* Action item *
Transcribe the entries below word for word, beginning at the line with "- Tampo fabricado" and stopping after the line with "SNCR脫硝系統(tǒng)"; drop all pictures.

++++++++++

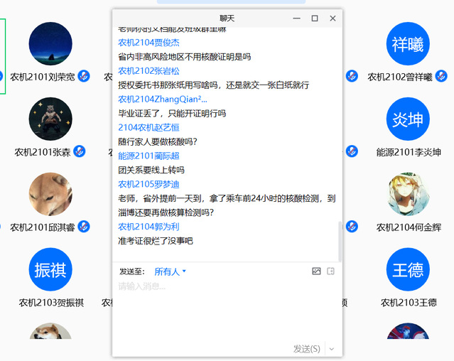 最后,辅导员与新生开展线上交流互动,同学们对学院和辅导员的温暖关怀表示感谢,同时表达了对大学生活的憧憬与向往。辅导员也就学生关心的饮食、住宿、学费缴纳、团组织关系转接等问题进行了详细解答。
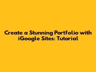 Creating an online portfolio is essential for showcasing your work and skills in today's digital world. Whether you're a designer, writer, photographer, or any other type of creative professional, an online portfolio allows you to present your best work to potential clients and employers. While there are many platforms available for building portfolios, iGoogle Sites offers a simple and effective way to create a professional-looking portfolio without needing advanced technical skills. This tutorial will guide you through the process of creating a stunning portfolio using iGoogle Sites, step by step, ensuring that you can present your work in the best possible light.
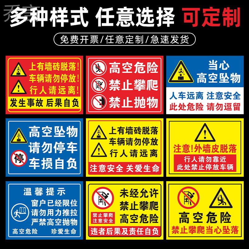 当心墙瓷砖脱落车辆请勿停放在行人请远离高空坠物标识PVC标志铝板反光膜警示牌提示牌定制
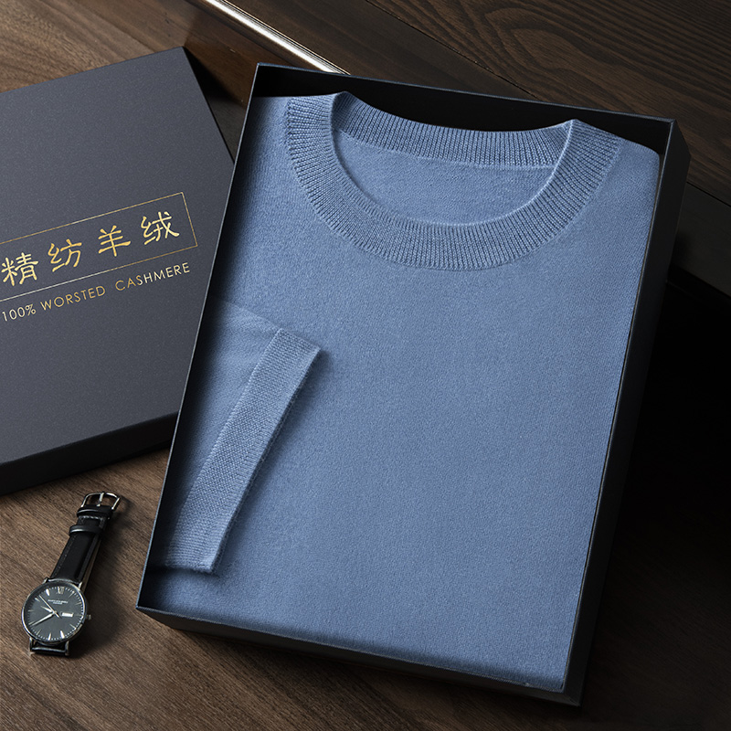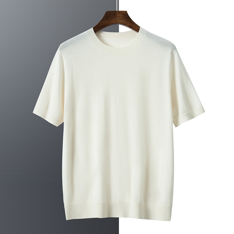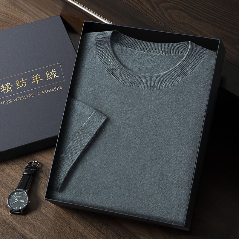 短袖T恤男100%精纺纯山羊绒衫夏针织打底半袖体恤衫圆领宽松汗衫
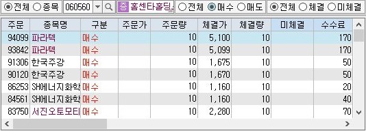 그리고 1000만원 자본금의 조건에서 워낙에 많은 거래가 있었기 때문인지 몰라도 미체결도 상당히 많이 나왔습니다. 일단 모두 처분하기 위한 종목들이 나왔다는 것을 알 수 있었습니다.
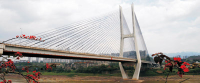 重慶涪陵長江大橋 全長645.11米,主橋長631米,主跨330米,雙塔雙索面PC砼斜拉橋,1997年5月建成通車。獲2000年四川省天府杯金獎。
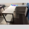 - Tampo fabricado em MDP 25 mm com fita de borda de 2mm, pé quadro 120×60 em aço carbono, pés com niveladores de altura, saia em MDP 15 mm.
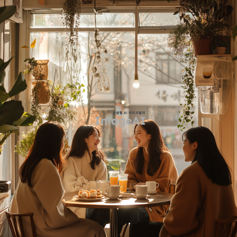 따뜻하고 아늑한 분위기의 카페 내부, 창문으로 부드러운 햇살이 들어오는 장면. 테이블에 앉아 있는 다섯 명의 한국인 여성들이 서로를 바라보며 웃고 있다. 각자의 스타일이 돋보이는 캐주얼한 옷차림을 하고 있으며, 테이블 위에는 커피잔과 디저트가 놓여 있다. 주변에는 식물과 아기자기한 장식들이 배치되어 있어 편안한 느낌을 준다. 자연스러운 표정과 포즈로 서로 대화하는 모습.
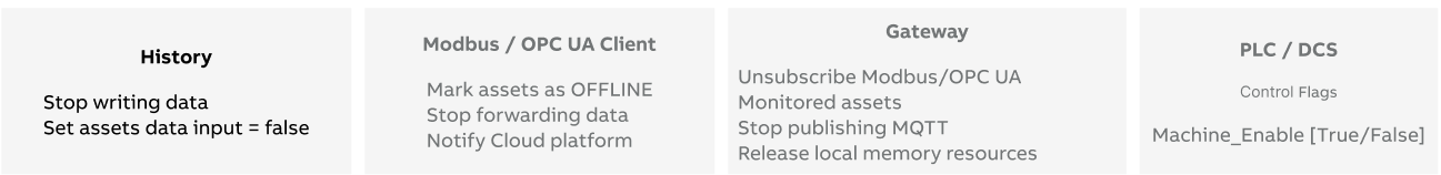 When an equipment instance is disabled, only future real-time interactions are stopped, the asset is marked as legacy, and system overhead is reduced. Disabling an instance allows equipment to be reactivated in the future.
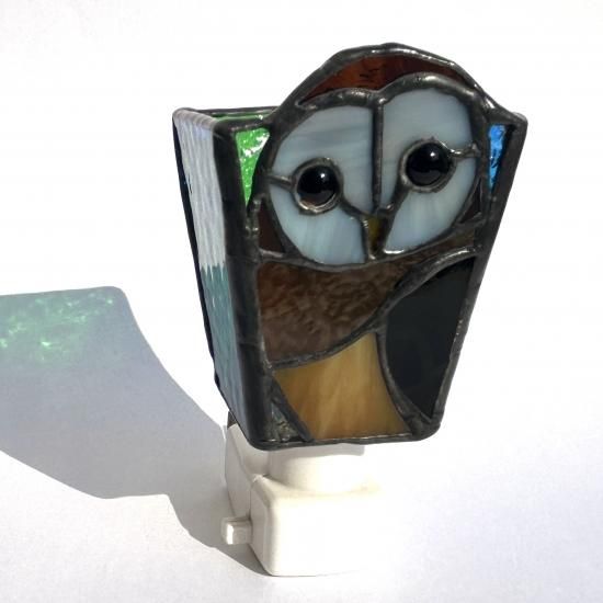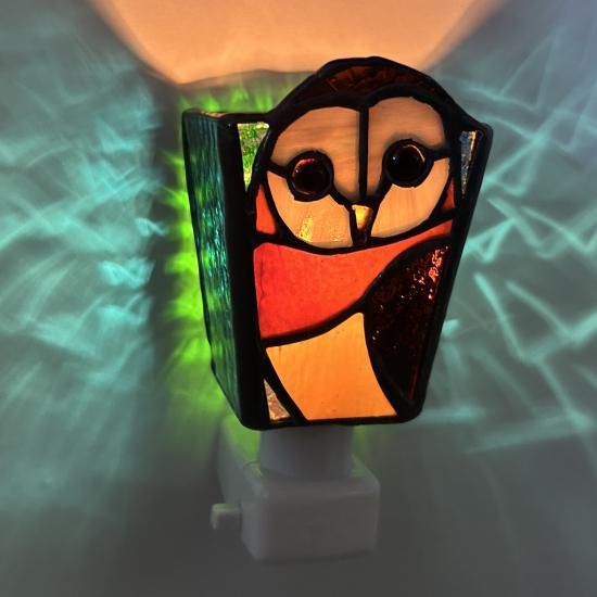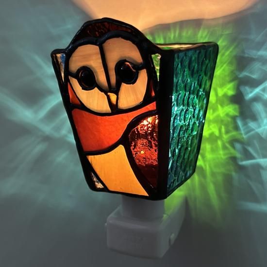 メンフクロウ・インドコキンメフクロウ・ベンガルワシミミズク・アフリカオオコノハズク・メガネフクロウの5種類を今回は製作しました。1つのナイトランプでガラスのパーツ全19パーツ以上のアートガラスで構成されています。1点1点個性ある表情、闇夜に灯りをつけると翼を広げた様に光の波紋が壁に広がります。この作品で心を癒していただければ幸いです。
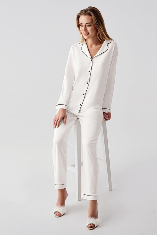 Gd Goldoremi 1035 Kadın Penye Gömlek Yaka Önden Düğmeli Gecelik Uzun Kollu Pijama Takım
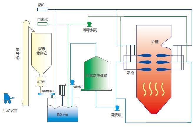 SNCR脫硝系統(tǒng)是將NH3、尿素等還原劑噴入鍋爐爐內(nèi)與NOx進行選擇性反應,不用催化劑,因此必須在高溫區(qū)加入還原劑。還原劑噴入爐膛溫度為850~1100℃的區(qū)域,迅速熱分解成NH3,與煙氣中的NOx反應生成N2和水,該技術(shù)以爐膛為反應器。我公司設計的SNCR煙氣脫硝技術(shù)的脫硝效率一般為60%,采用尿素或者氨水作為還原劑。其特點為:
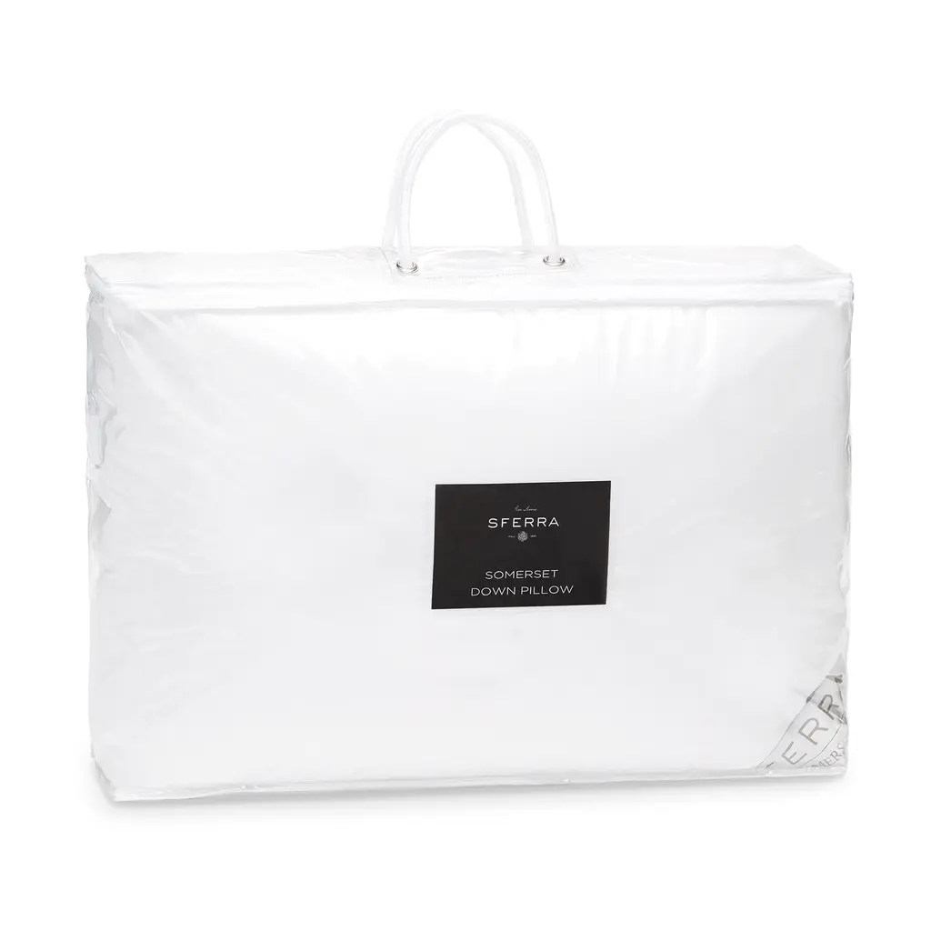 The SFERRA Somerset down pillow is designed to cocoon you in sweet dreams. Carefully constructed of down clusters, which interlock and trap air to keep you warm, but also have the remarkable ability to keep you comfortable, SFERRA down offers varying levels of fill power to customize the perfect sleeping experience. A measure of efficiency, the higher the fill power number, the better the down and the greater its insulating value. With a weight and a loft for everyone, one will be just right for you.

++++++++++

* Response to the task *
 - Tampo fabricado em MDP 25 mm com fita de borda de 2mm, pé quadro 120×60 em aço carbono, pés com niveladores de altura, saia em MDP 15 mm.
 따뜻하고 아늑한 분위기의 카페 내부, 창문으로 부드러운 햇살이 들어오는 장면. 테이블에 앉아 있는 다섯 명의 한국인 여성들이 서로를 바라보며 웃고 있다. 각자의 스타일이 돋보이는 캐주얼한 옷차림을 하고 있으며, 테이블 위에는 커피잔과 디저트가 놓여 있다. 주변에는 식물과 아기자기한 장식들이 배치되어 있어 편안한 느낌을 준다. 자연스러운 표정과 포즈로 서로 대화하는 모습.
 When an equipment instance is disabled, only future real-time interactions are stopped, the asset is marked as legacy, and system overhead is reduced. Disabling an instance allows equipment to be reactivated in the future.
 メンフクロウ・インドコキンメフクロウ・ベンガルワシミミズク・アフリカオオコノハズク・メガネフクロウの5種類を今回は製作しました。1つのナイトランプでガラスのパーツ全19パーツ以上のアートガラスで構成されています。1点1点個性ある表情、闇夜に灯りをつけると翼を広げた様に光の波紋が壁に広がります。この作品で心を癒していただければ幸いです。
 Gd Goldoremi 1035 Kadın Penye Gömlek Yaka Önden Düğmeli Gecelik Uzun Kollu Pijama Takım
 SNCR脫硝系統(tǒng)是將NH3、尿素等還原劑噴入鍋爐爐內(nèi)與NOx進行選擇性反應,不用催化劑,因此必須在高溫區(qū)加入還原劑。還原劑噴入爐膛溫度為850~1100℃的區(qū)域,迅速熱分解成NH3,與煙氣中的NOx反應生成N2和水,該技術(shù)以爐膛為反應器。我公司設計的SNCR煙氣脫硝技術(shù)的脫硝效率一般為60%,采用尿素或者氨水作為還原劑。其特點為:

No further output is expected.